Are 'Superfoods' Over? | Civil Eats

Are ‘Superfoods’ Over?

A closer look at a wildly popular, totally unregulated food label.

Over the past decade, blueberries have become big business in the U.S. In 1998, the Oregon blueberry harvest was 17 million pounds. By 2013, blueberry production had catapulted to 90 million pounds, on track to reach 150 million over the next five years. Blueberries are certainly  delicious and nutritious, but how much of the Pacific Northwest’s $94-billion-a-year industry can be attributed to the humble fruit’s makeover—by dieticians, cookbook authors, and celebrity doctors—into a superfood?

Dozens of diet books with “superfood” in the title have been published over the last decade. Some so-called superfoods are common: Beans, apples, tea, broccoli.
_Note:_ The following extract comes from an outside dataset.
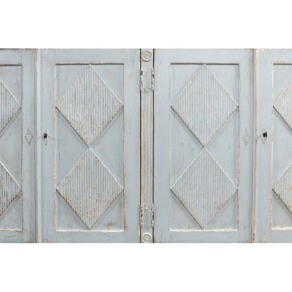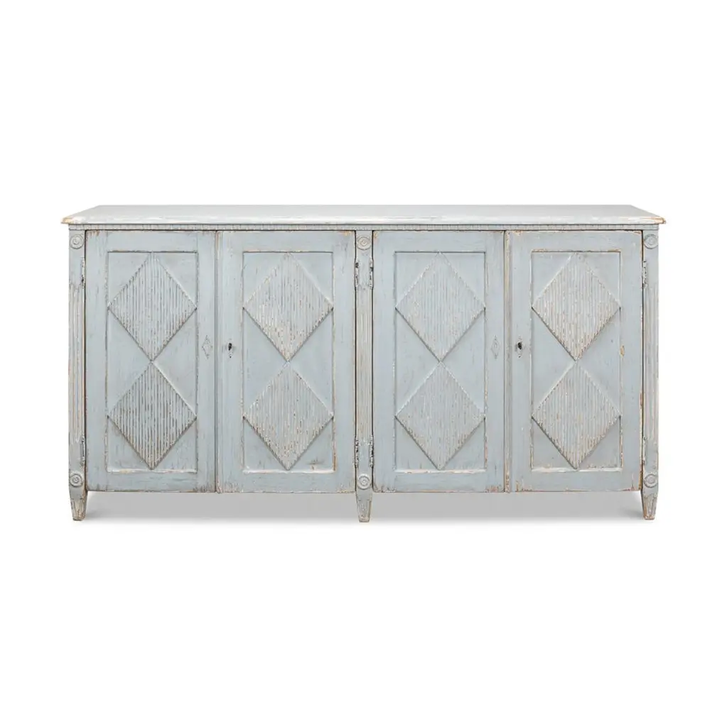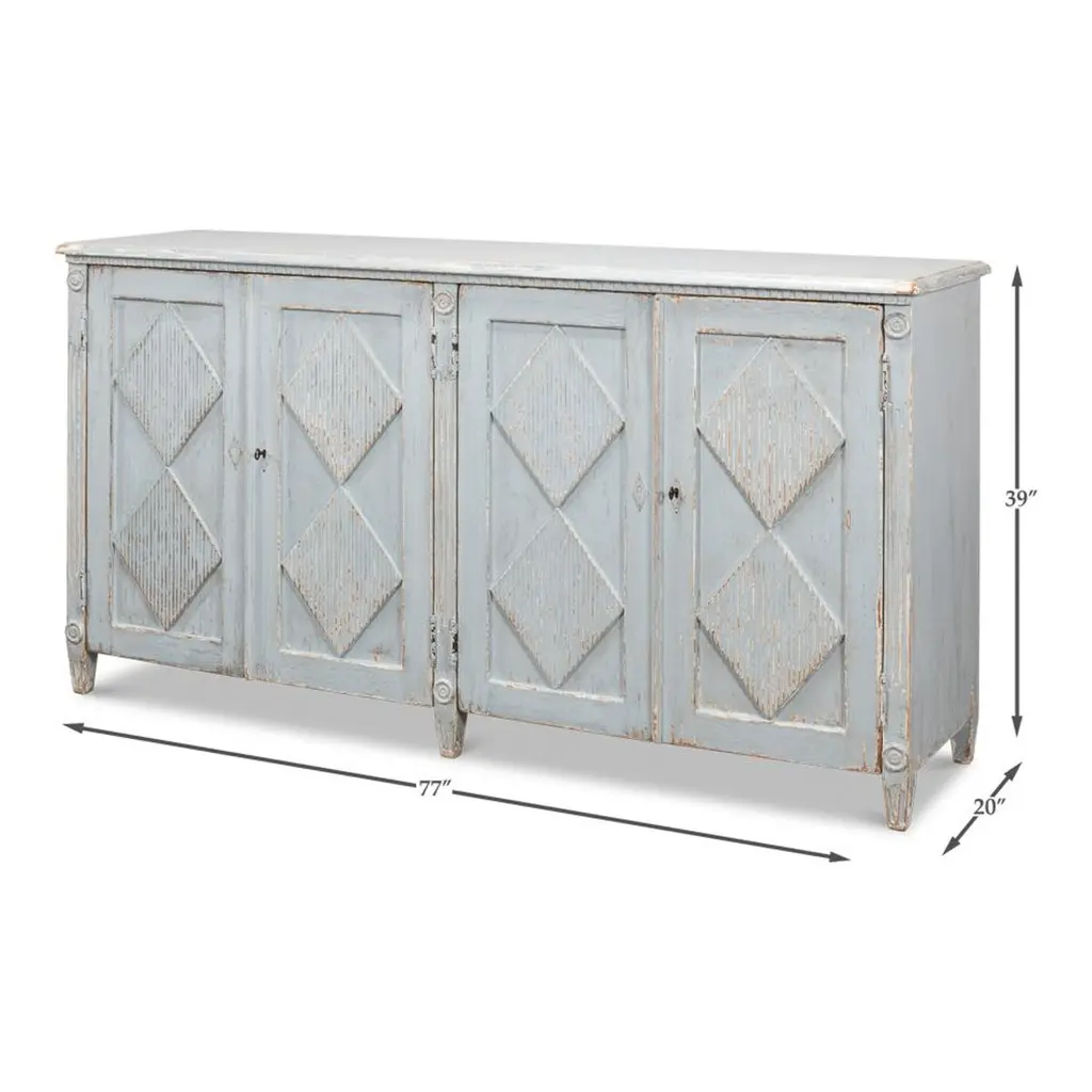 Crafted from reclaimed pine, this exquisite piece showcases a hand-applied blue-grey finish with a heavily distressed patina, evoking the elegance of antique European craftsmanship. The double-stack diamond relief panels on each door add a striking visual texture, while fluted stiles and square tapered legs enhance its refined silhouette.Designed for both beauty and functionality, this sideboard features adjustable shelves and a painted interior, offering ample storage for your dining or living space. Medallion details at the top and bottom of the fluted stiles further enrich its vintage appeal. Whether used as a statement buffet, a sophisticated storage piece, or an accent in a grand entryway, this sideboard effortlessly blends rustic charm with classic French aesthetics.Dimensions: 77" W x 20" D x 39" H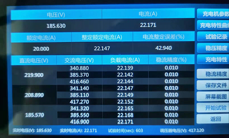 此次試驗接入了調(diào)壓器,勾選使用調(diào)壓器,在穩(wěn)壓精度與穩(wěn)流精度試驗中,裝置將自動調(diào)節(jié)至額定交流輸入電壓的85%、100%、115%。

There are also the imported “miracle” berries and roots: açaí, goji, maca. More recently, dragonfruit, breadfruit, and mangosteen were declared nutritional miracle foods. The label often leads to a sales bump; in 2011, the top-selling superfruits brought in more than $205 million. That’s a lot of money spent on nutrient-rich foods that flaunt a label with no official definition.

Are some fruits and vegetable really far superior to the rest? The answer depends on who you ask. Marion Nestle, the author of What to Eat and a professor of nutrition at New York University, told the Washington Post that she doesn’t believe in superfoods. On her blog, Nestle denounced the MonaVie brand that was selling acai juice for $40 a bottle in 2009. “The bottom line: all juices have antioxidants and most are a lot cheaper than MonaVie,” wrote Nestle.

Registered dietician Andy Bellatti agrees that the superfoods label is all about marketing.

“The field of nutrition is primed for these gimmicks because manufacturers know there are a lot of people looking for silver bullets,” says Bellatti. “The term ‘superfood’ as we know it today is silly because it is basically code for ‘grown 15,000 miles away in a remote mountain range and sold at a premium.’ As far as I am concerned, all whole, minimally processed, plant-based foods are superfoods. Are goji berries healthy? Sure. So is an orange.”

The origin of the superfoods label is as murky as the scientific evidence for their nutritional superiority. The label’s first use has most often been attributed to Michael Van Straten, an alternative medicine practitioner and author of Superfoods, an out-of-print cookbook from 1990. Others point to SuperFoods Rx: Fourteen Foods That Will Change Your Life, a 2003 best-selling book by Dr. Steven Pratt.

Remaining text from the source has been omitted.